If we include Psycho, which isn't exactly a comedy, let me recommend the Spy Who Came in From the Cold (1965).

David Auerbach said...

It is said that Hitchcock thought it was a comedy. I sort of see his point.

s. wallerstein said...

I saw Psycho when I was very young and it just scared me. Why did Hitchcock see it as a comedy?

Tom Cathcart said...

Peter Sellars in "Being There." Think Ben Carson as President.

Warren Goldfarb said...

Since Prof. Wolff spends significant time in Paris every year, let me mention a few French comedies. The early films of Jacques Tati, "Les Vacances de M. Hulot" and "Mon Oncle" from the 1950s are both really funny, although because part of the humor is physical it plays better on a big screen. (I didn't think his later films, "Traffic" and "Playtime" were as good.) From 1960 there's the early Louis Mallé film, "Zazie dans le Métro", which if you know Paris at all is very funny.

As expected, David's recommendations above are all spot-on.

Jim said...

Professor Wolff --

For some people, favorite films are representative of a particular time (much like popular songs are for many people). I prefer to perceive of films within their own historical existence (which is remarkably short, given the big scheme of history}. So for instance, one of my favorite films of all time is "Behold A Pale Horse" which was released in 1964 before I was born and directed by Fred Zinnemann. That being said, one of my most favorite comic films is the 1987 release "Withnail & I" directed by Bruce Robinson and starring the incomparable Richard E. Grant. My wife remains somewhat puzzled about why I never laugh while watching films. "Withnail & I" is one of the few films that have ever made me laugh.
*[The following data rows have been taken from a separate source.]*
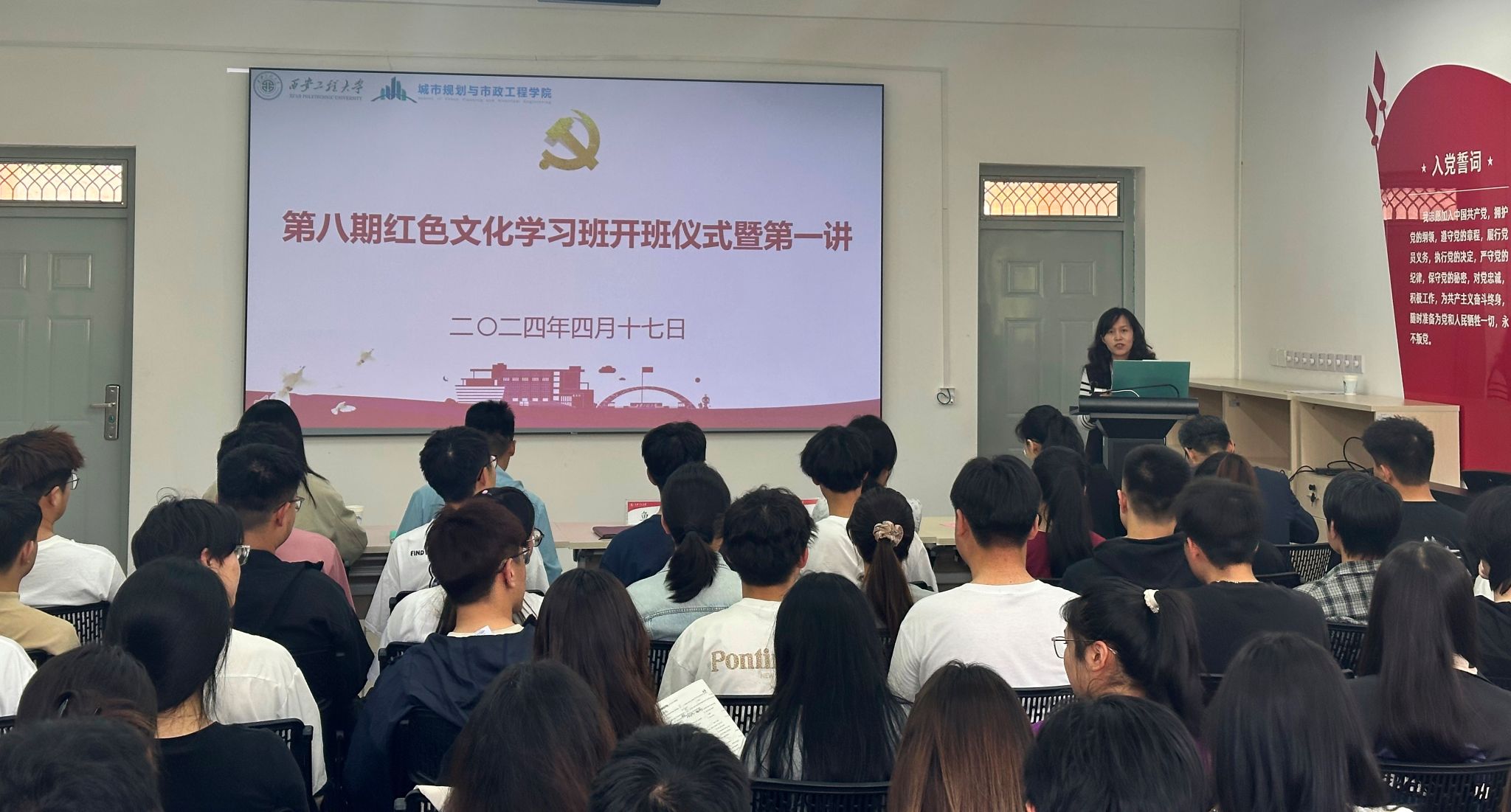 4月17日中午,Beat365官方网站在临潼校区8-322会议室举行第八期红色文化学习班开班仪式暨第一讲。参加开班仪式的有学院院长马云、辅导员张苹、陆瑞成、王春元、杜倩,学习班组织委员王梦华、宣传委员宋嘉音及本期学习班60名学员。仪式由学院党委副书记鱼园主持。
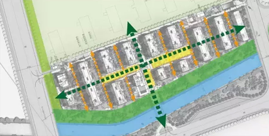 嘉宝前滩后院项目座落于上海市浦东三林板块,靠近中环内侧,紧挨地铁六号线,交通便利。地块形状呈狭长型矩形,中部略宽。南北两面皆临道路,南侧面对道路丁字路口,西侧有昔阳河分支南北向流经,将基地与云台路相隔,形成宽达60-80米的绿化带,自然条件优越,东侧毗邻万科五阶坊,那么如何合理利用周围景观资源,有效规避噪音影响,处理好建筑与水系的关系,处理好和周边小区的关系成为规划建筑设计的重点。
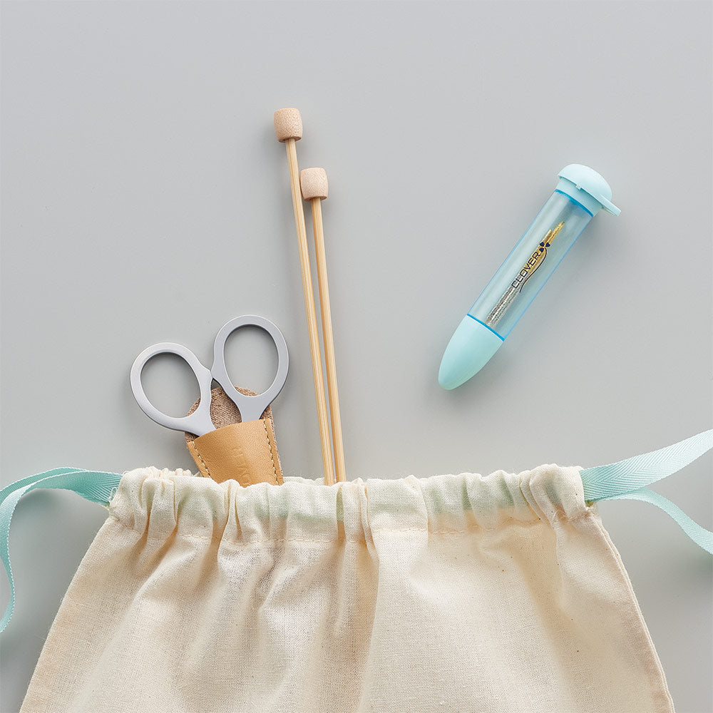 持ち運びに便利なケースは、中身が見やすい透明カラーです。外出時に編み物を楽しむ時に便利です。
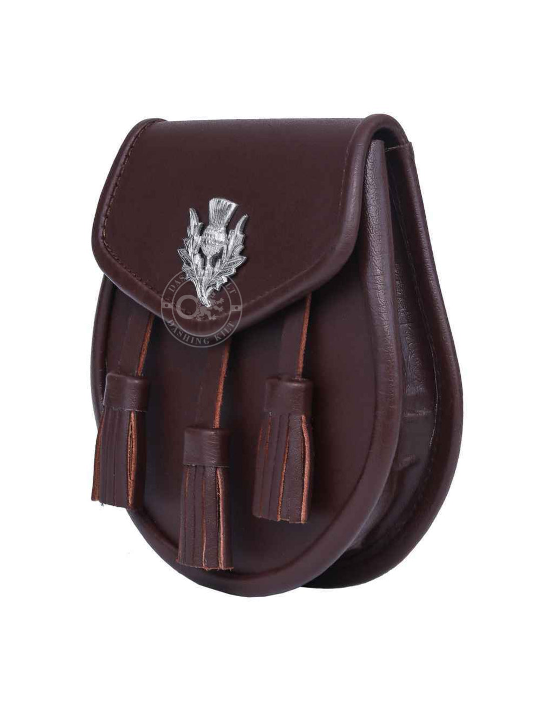 Brown Leather Day Sporran for Men With Thistle Badge-Kilt Accessory for Men’s Kilt
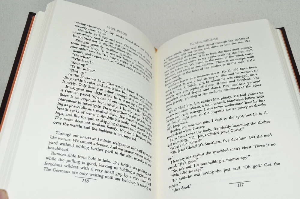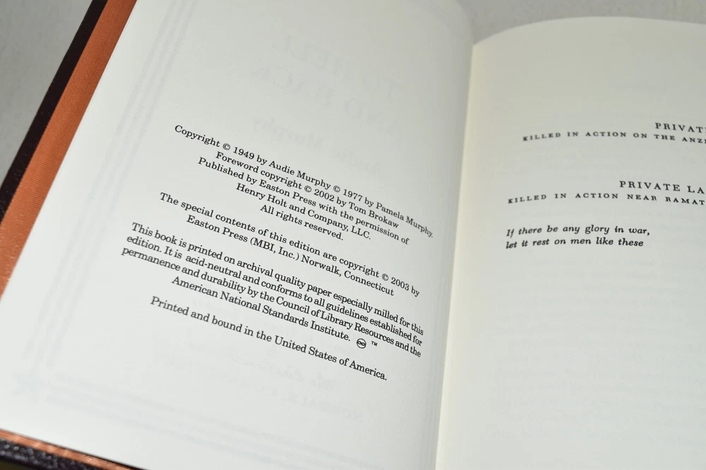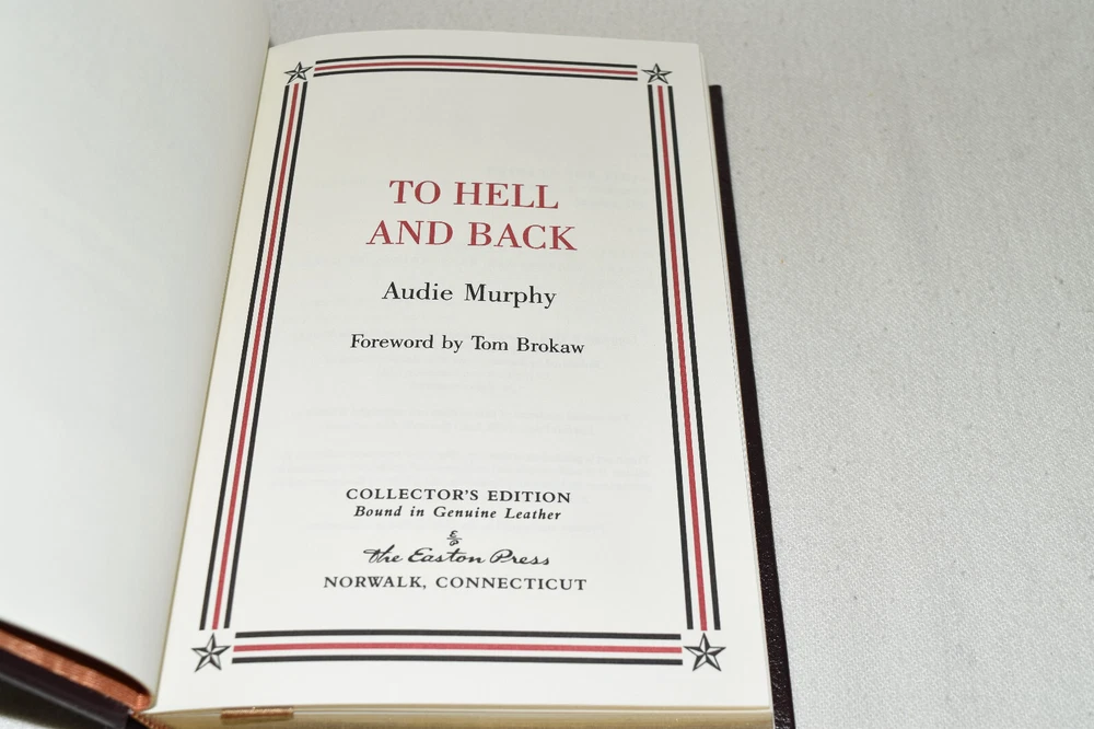 From the Easton Press Collection... To Hell and Back by Audie Murphy Foreword by Tom Brokaw C ollector's Edition Copyright 2003 by The Easton Press Bound in Premium Full Leather This volume contains all of the classic Easton Press trimmings: Premium Leather Silk Moire Endleaves Distinctive Cover Design Hubbed Spine, Accented in Real 22KT Gold Satin Ribbon Page Marker Gilded Page Edges Long-lasting, High Quality Acid-neutral Paper Smyth-sewn Pages for Strength and Durability Beautiful Illustrations A very scarce title in any condition, this Easton Press First Limited Edition is in Fine condition. The front and back covers are both in terrific condition and the gilded page edges show minor wear (see pictures of all gilt sides). There is faint residue on the second page. This book was published by Easton Press and would be a beautiful addition to your Easton Press collection. Hopefully you can add this book to your collection and enjoy it in the years to come... Please Email Me With Any Questions You Might Have! Shipping Info: Buyer to Pay Shipping and Handling International Bidders Pay Extra Shipping Seller Not Responsible For Uninsured Items Lost or Damaged in Mail Forms of Payment Accepted: Paypal Good luck and happy bidding! Powered by eBay Turbo Lister The free listing tool. List your items fast and easy and manage your active items.

Despite my desire to assess films within their historical continuum, myself and my generation continue to be obsessed with Ridley Scott's "Blade Runner." (1982) The film is a staggering improvement on Phil K. Dick's novel "Do Androids Dream of Electric Sheep?". Although a devastating film, one of the things that renders it great for me is the fantastic soundtrack by Greek composer Vangelis Papathanassiou.

If you want to see a very funny (and silly) film that showcases blue collar workers struggling against the American capitalist system, watch "Tommy Boy" (1995). I could go on forever.